TASK GOAL: Leaving out all images, write out the records that follow exactly.

THE DATA:
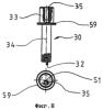 фиг.8 – палец петли по фиг.1 и 2 с частичным разрезом, вид сбоку и сверху;
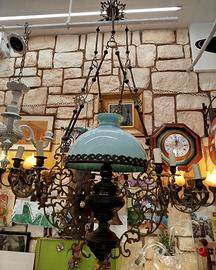 Lampadario Liberty 7 luci - struttura in bronzo e ottone - vetri originali in perfette condizioni. Misure diametro 90cm - altezza ( ovviamente allungabile con catena) 80cm - Lampadario inizi 900' Liberty a 7 luci - struttura in bronzo e ottone - rivestimento in tessuto originale - 3 vetri trasparenti e 3 satinati. Ottimo stato. Misure altezza 110 cm - diametro 90 cm - Lampadario ottone e vetro opalino epoca Liberty 10 luci - misure massime 70 x 140 cm
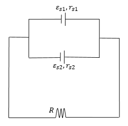 Diketahui bahwa dan . Nilai hambatan dalam masing-masing adalah dan . Jika nilai , kuat arus yang mengalir dalam rangkaian adalah ….
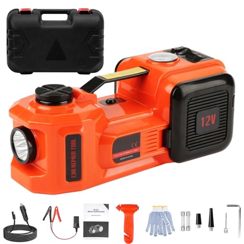 TKSE Elektrisk hydraulisk domkraft 12 V 5T med uppblåsbar pump och ljus - däckbytesverktyg för bil SUV och nödreparationsverkstäder
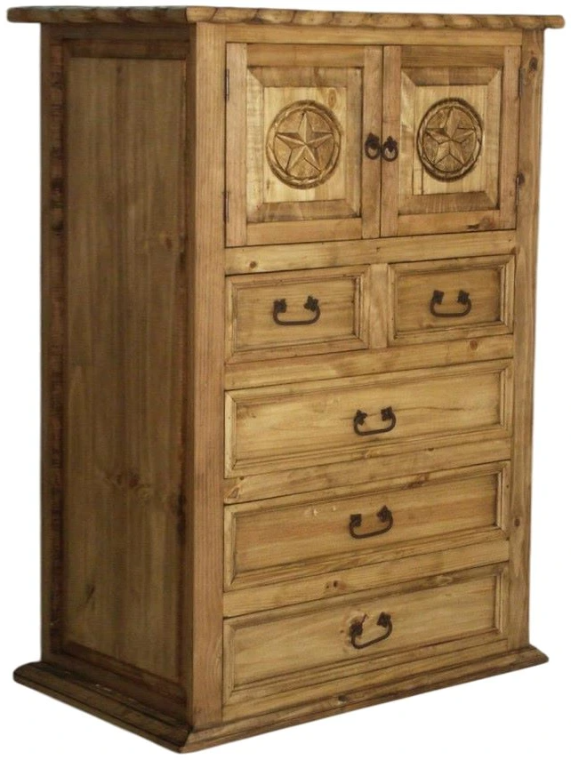 Celebrate charm with the Country Rope and Star chest. Carved star accents and rope details add distinctive character, while the warm honey finish brings a cozy feel. Spacious drawers provide ample storage, blending bold western flair with everyday function in a statement piece built to last.Read More
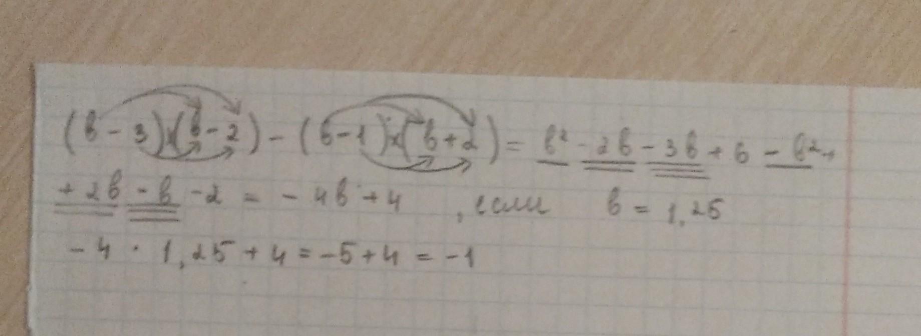 (в -3) (в -2)-(в -1) (в +2)= -1 при значение в=1,25
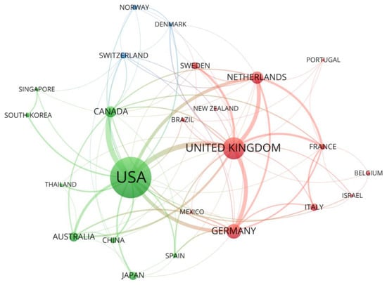 The country collaboration network, shown in Figure 3, shows that the most active countries in North American and Western Europe, the United States of America and the United Kingdom, are also the ones with most international collaborations. Transatlantic collaboration is strongest between the USA and the UK, but Germany and the Netherlands also have such links. While the USA has the strongest academic links with Canada, Australia, Japan, China, and South Korea, the UK has stronger links with other European countries.
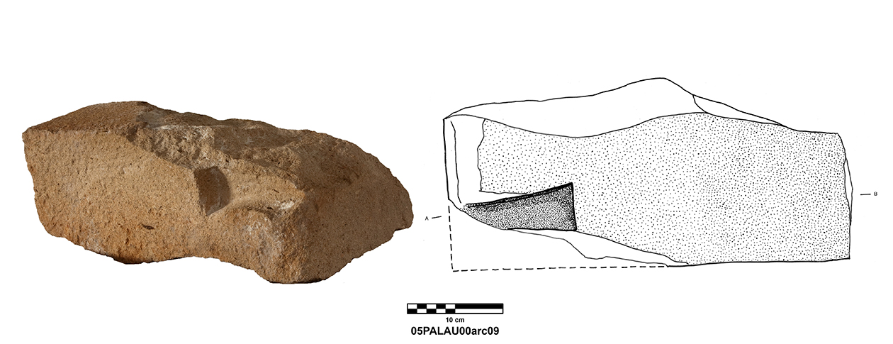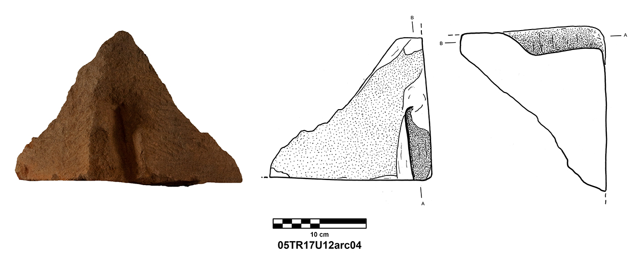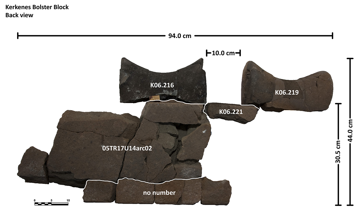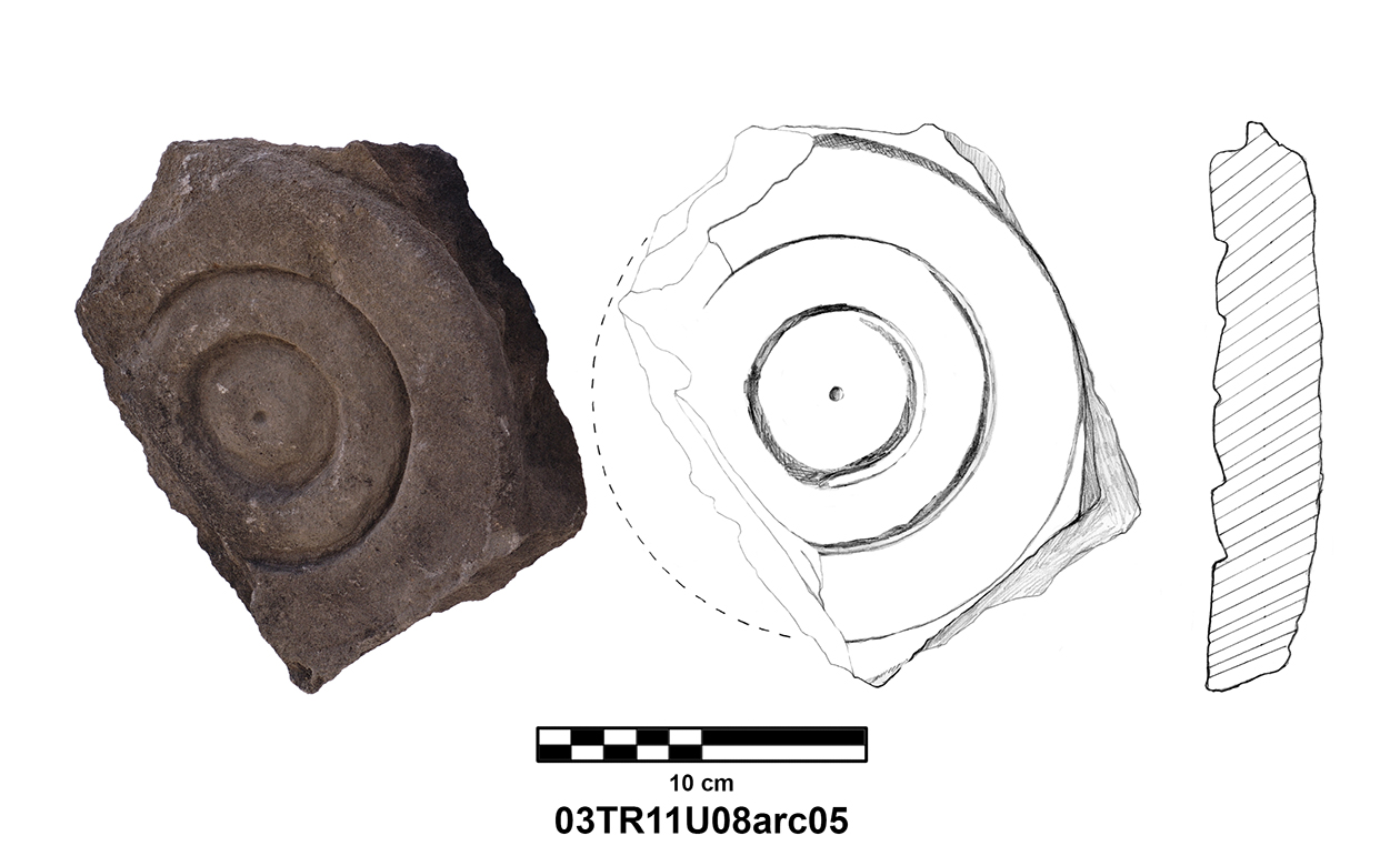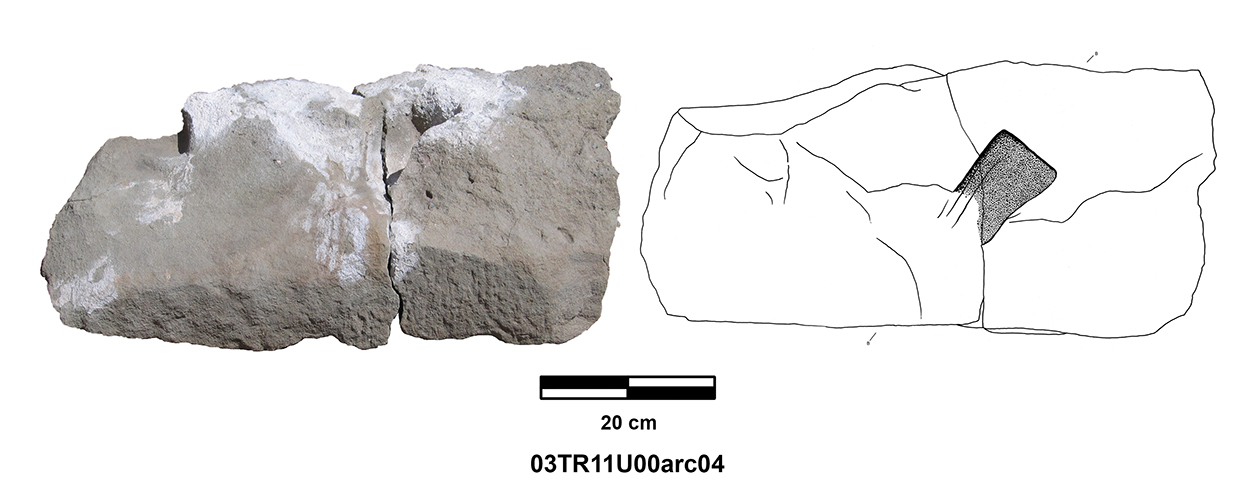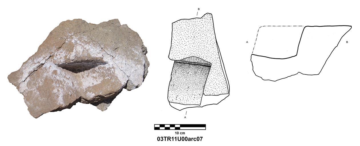 Length of fully preserved side: 48.5 cm. Width 46 – 48 cm. Height/thickness of slab: 10 cm. Diameter of bolster faces: circa 7 cm. Length of bolsters: 13 cm. Top cutting length: 22.5 cm. Width 9.8 cm. Depth: 3.2 cm. Bottom cutting length: 7 cm. Width: 7 cm. Depth: 5.8 cm at the center.

RESPONSE FOR THIS EXERCISE:
 фиг.8 – палец петли по фиг.1 и 2 с частичным разрезом, вид сбоку и сверху;
 Lampadario Liberty 7 luci - struttura in bronzo e ottone - vetri originali in perfette condizioni. Misure diametro 90cm - altezza ( ovviamente allungabile con catena) 80cm - Lampadario inizi 900' Liberty a 7 luci - struttura in bronzo e ottone - rivestimento in tessuto originale - 3 vetri trasparenti e 3 satinati. Ottimo stato. Misure altezza 110 cm - diametro 90 cm - Lampadario ottone e vetro opalino epoca Liberty 10 luci - misure massime 70 x 140 cm
 Diketahui bahwa dan . Nilai hambatan dalam masing-masing adalah dan . Jika nilai , kuat arus yang mengalir dalam rangkaian adalah ….
 TKSE Elektrisk hydraulisk domkraft 12 V 5T med uppblåsbar pump och ljus - däckbytesverktyg för bil SUV och nödreparationsverkstäder
 Celebrate charm with the Country Rope and Star chest. Carved star accents and rope details add distinctive character, while the warm honey finish brings a cozy feel. Spacious drawers provide ample storage, blending bold western flair with everyday function in a statement piece built to last.Read More
 (в -3) (в -2)-(в -1) (в +2)= -1 при значение в=1,25
 The country collaboration network, shown in Figure 3, shows that the most active countries in North American and Western Europe, the United States of America and the United Kingdom, are also the ones with most international collaborations. Transatlantic collaboration is strongest between the USA and the UK, but Germany and the Netherlands also have such links. While the USA has the strongest academic links with Canada, Australia, Japan, China, and South Korea, the UK has stronger links with other European countries.
 Length of fully preserved side: 48.5 cm. Width 46 – 48 cm. Height/thickness of slab: 10 cm. Diameter of bolster faces: circa 7 cm. Length of bolsters: 13 cm. Top cutting length: 22.5 cm. Width 9.8 cm. Depth: 3.2 cm. Bottom cutting length: 7 cm. Width: 7 cm. Depth: 5.8 cm at the center.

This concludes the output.